Best Buy will reportedly no longer sell CDs in its stores come July 1

Huh, interesting. Reminds me when they took DVDs off their shelves or at least cut back. Anyways, I'm sure Vinyl will stay around forever now.

As for my music, yeah I just buy it all in MP3s. Should I do get a CD, I just rip it and resell it.
 
I think one of the reasons CDs are not being sold at Bestbuy is because many people think new music is not as good these days, and Bestbuy does not sell more foreign music like Japanese pop and Korean pop music which has a lot of loyal fans which buy CDs and DVD concerts of their favorite Kpop and Jpop bands or solo singers.

A lot of people are less interested in buying new music which they heard on the radio, movie, TV shows, and online. Many people I know seem to enjoy listening to classic rock, classic pop, classical music, oldies hit songs, and older rap and R&B music.

There are also smaller music stores which know what its customers want to buy, and have hard to find music which people want to listen to.
 
Anyways, I'm sure Vinyl will stay around forever now.
As a vinyl collector, I'm the first to admit it's largely a novelty product. As for it sounding better, there's way too many factors involved for a hard yes/no for sound quality. Was the whole process of recording to mastering analog? Was the digital (ie CD/MP3) master super compressed so it sounds like garbage? Is the vinyl literally just the CD version, and transferred onto vinyl? It also costs more money to sound good, or you need to buy extra stuff that most people don't have lying around. It's not exactly a convenient hobby.


I think one of the reasons CDs are not being sold at Bestbuy is because many people think new music is not as good these days

Tbh that's literally every decade/generation where they complain about the current state of music being trash, so that's not what caused Best Buy to stop selling CD's. Also that can also be applied to every form of media where there's a ton of people saying the current (movies/games/whatever) is hot garbage and the classics are the only ones worth checking out.

What I think caused Best Buy to stop selling CD's is that they noticed waning sales, so they don't stock as many CD's, and this also in turn causes customers to stop looking at Best Buy for CD's. MP3's and Spotify are what caused people to not buy CD's anymore, and now buying albums is relegated to being a niche hobby, as the average person doesn't care enough to listen to full albums anymore.
 
Tbh that's literally every decade/generation where they complain about the current state of music being trash, so that's not what caused Best Buy to stop selling CD's. Also that can also be applied to every form of media where there's a ton of people saying the current (movies/games/whatever) is hot garbage and the classics are the only ones worth checking out.

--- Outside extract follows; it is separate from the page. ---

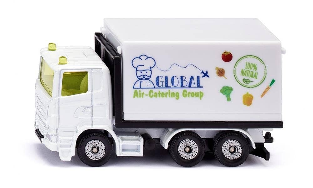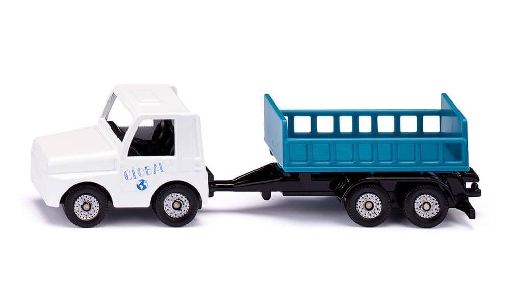 The airport fascinates passengers, whether small or grown-up. A never-ending stream of aircraft landing and taking-off, with tractors and loads coming and going in between. The new siku airport set consists of a four-jet commercial aircraft, a catering vehicle for the onboard meals, a trailer with passenger steps, an airport tractor, and a luggage trailer. The height of the catering-vehicle can be adjusted by means of a scissors mechanism. Together with the front and rear flaps of the luggage trailer, this simplifies loading and unloading. These flaps can also be opened. As well as the luggage trailer, the passenger steps made from metal and plastic can also be attached to the airport tractor. But where do the planes take off and land The set includes a five metre roll of self-adhesive tape, printed with typical markings. This can simply be cut off using scissors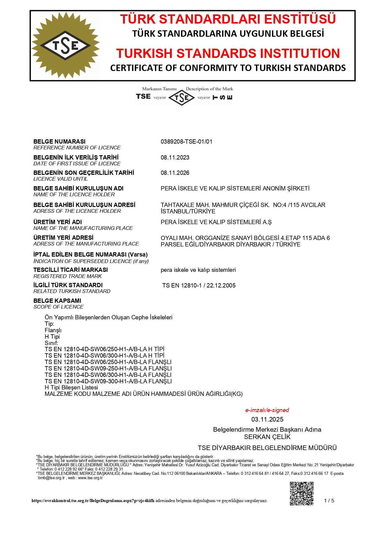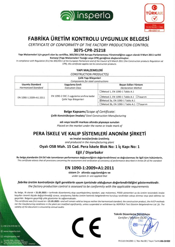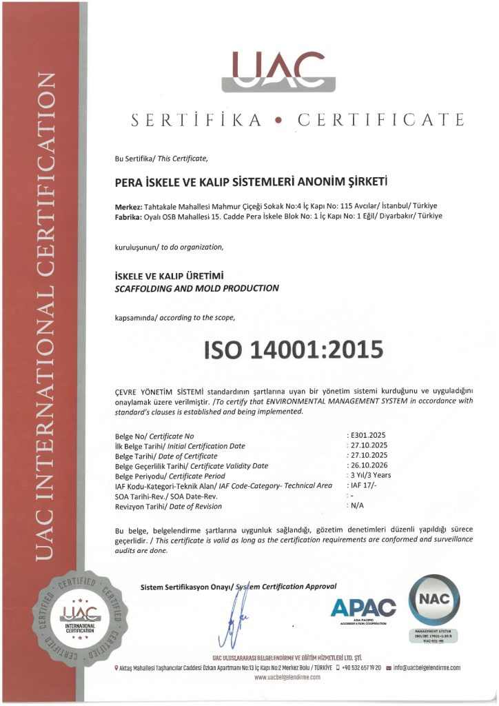 Şirketimizin çelik kalıp ve iskele imalat faaliyetleri ile ilgili olarak; Türk Standartları Enstitüsü (TSE) TS EN 12810-1 / 22.12.2015 Türk Standartlarına Uygunluk Belgesi, ISO-9001:2015 Kalite Yönetim Sistemi, ISO-14001:2015 Çevre Yönetim Sistemi, EN 1090-1:2009+A1:2011 Avrupa Parlamentosu Yapı Ürünleri Yönetmeliği (CPR) CE standartlarına göre Fabrika Üretim Kontrolü Uygunluk Belgesi, EN ISO 3834-2 Metalik Malzemelerin Ergitme Kaynağı için Kalite Şartları ve Standartları Kalite Yönetim Sistemi sertifikaları mevcuttur.

What I think caused Best Buy to stop selling CD's is that they noticed waning sales, so they don't stock as many CD's, and this also in turn causes customers to stop looking at Best Buy for CD's. MP3's and Spotify are what caused people to not buy CD's anymore, and now buying albums is relegated to being a niche hobby, as the average person doesn't care enough to listen to full albums anymore.

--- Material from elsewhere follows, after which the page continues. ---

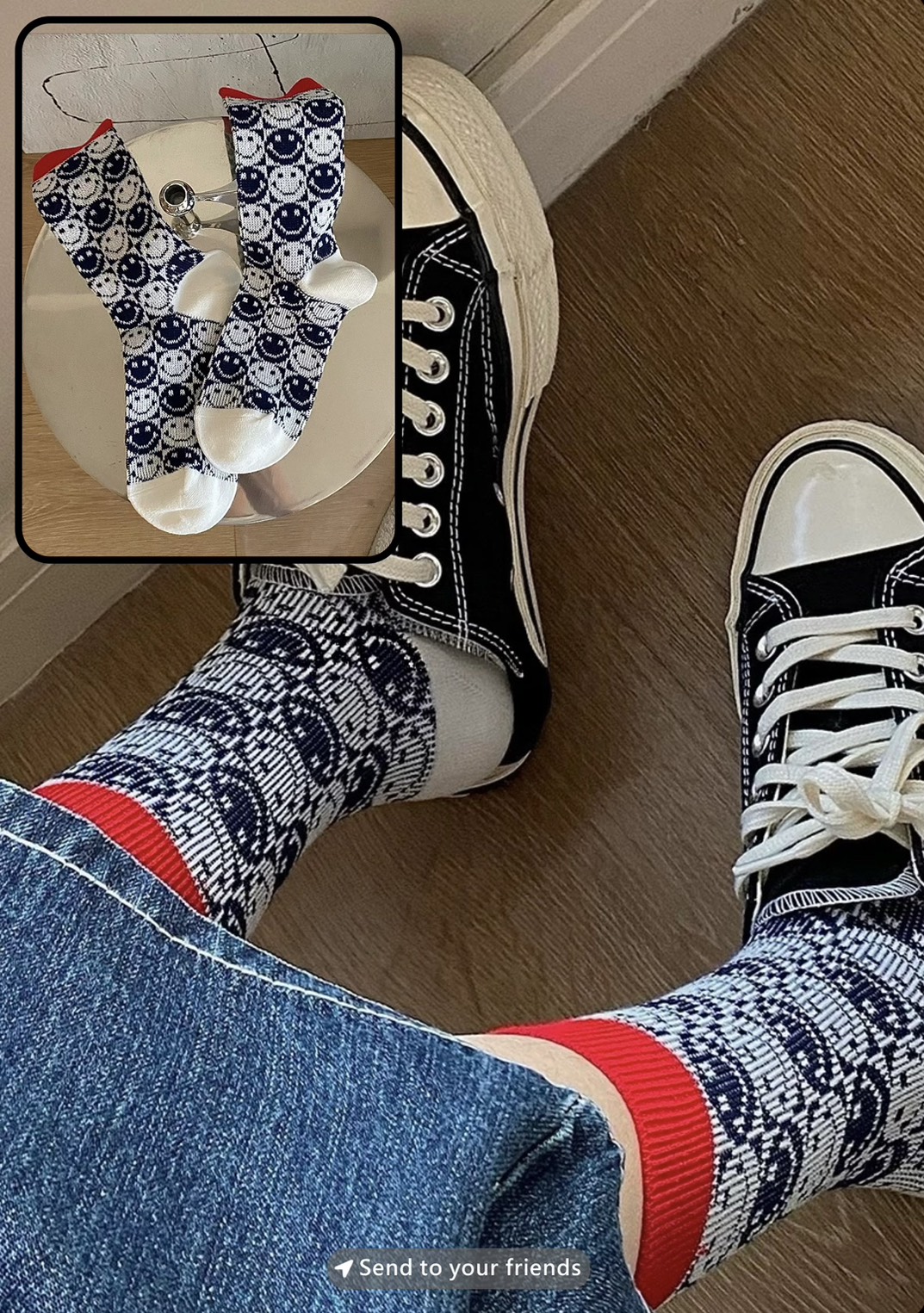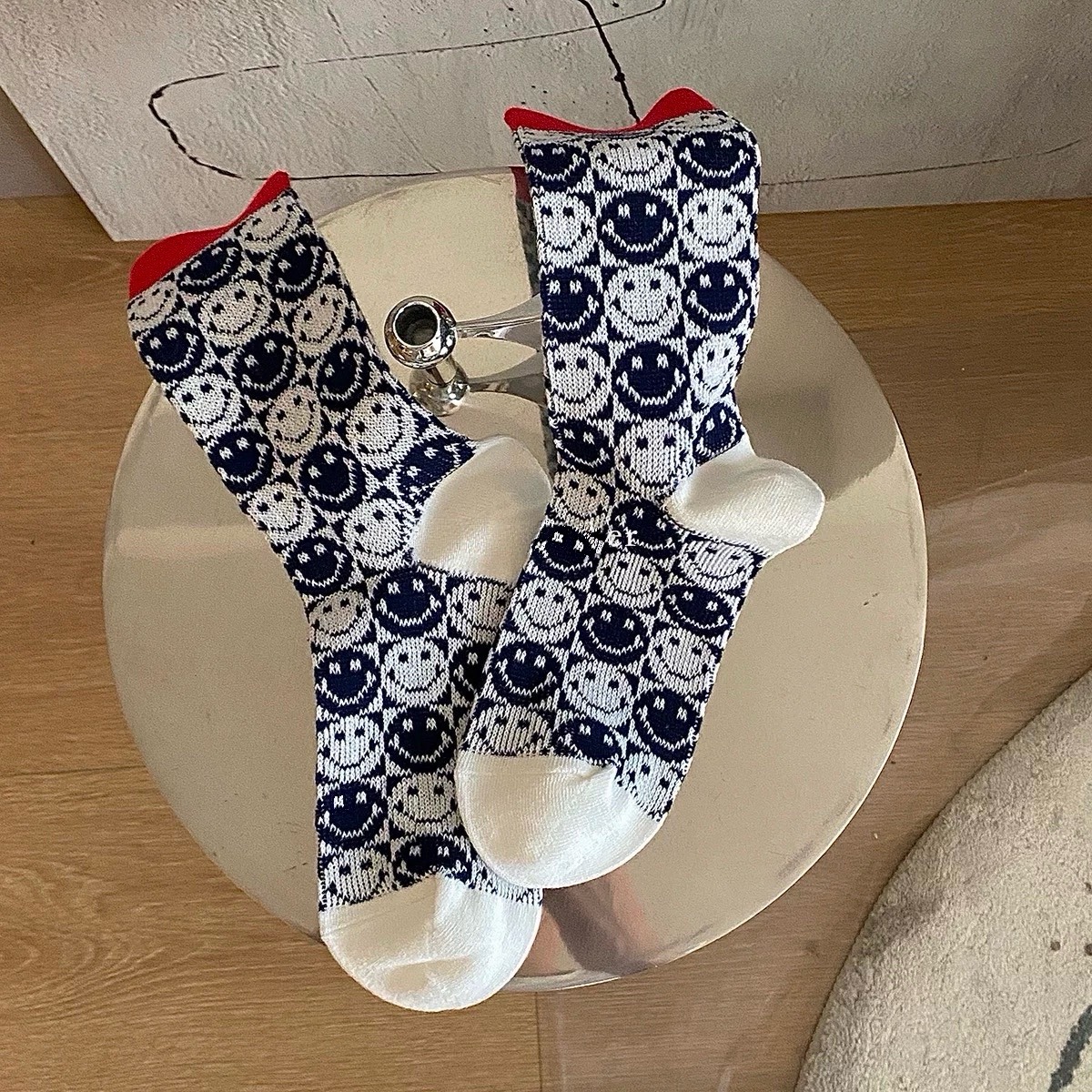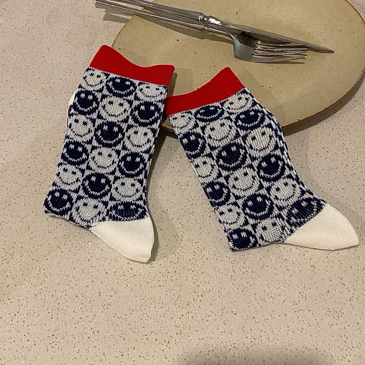 ins韓國東大門雙針雙路工藝撞色笑臉圖案襪子女學院風中筒襪~組合價賣場任選3雙200

I feel these days there is a higher amount of unprofessional music because more new musicians are recording music at home with lower quality audio equipment like microphones, and instruments like cheaper drums made for beginners. The songs are sometimes less relate-able because the lyrics are written by less experience writers, and have terms like laughing out loud and slang words like dope which many people don't understand or like.

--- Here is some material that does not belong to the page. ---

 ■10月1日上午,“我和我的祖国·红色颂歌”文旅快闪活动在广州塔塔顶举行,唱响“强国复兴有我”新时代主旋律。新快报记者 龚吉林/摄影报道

People can publish their songs for free on YouTube, Soundcloud, Bittorrent, or their own blog at Tumblr, so there is more poor quality music being publish for free. Many self-recorded songs maybe good to listen to a few times for free, but are sometimes not worth buying for most listeners.

There are people who buy more affordable music CDs which are on sale for under $20 or many older used and less popular cds for a few dollars which is cheaper than subscribing to paid streaming services like Apple Music for many years, and you can rip CDs to high bitrate MP3 or FLAC files.
 
I feel these days there is a higher amount of unprofessional music because more new musicians are recording music at home with lower quality audio equipment like microphones, and instruments like cheaper drums made for beginners. The songs are sometimes less relate-able because the lyrics are written by less experience writers, and have terms like laughing out loud and slang words like dope which many people don't understand or like.

That's still entirely just your opinion rather than factual information. If you know anything about underground music, that's been going around for decades, it's just that the internet made it more visible and easy to transfer around. Poor quality recordings on cheap equipment played by unprofessional musicians? Look at the 80's punk scene or 90's lo-fi movement.

People love crapping on the current generation of whatever media it is, because they see the older stuff in a vacuum. Only the good stuff is remembered. Look back 10-15, or even 20 years ago at the top 100 charts and tell me how many of those songs are still remembered and played on the radio. If you turn on a classic rock station, they're going to play the "good" stuff from time's past, not songs that were hits that got forgotten 3 years later. Another contributing factor is that certain genres and styles being popular comes and goes. The 80's was big with new wave and hair metal, and 8-bit and 16-bit games were the hayday of 2D platformers.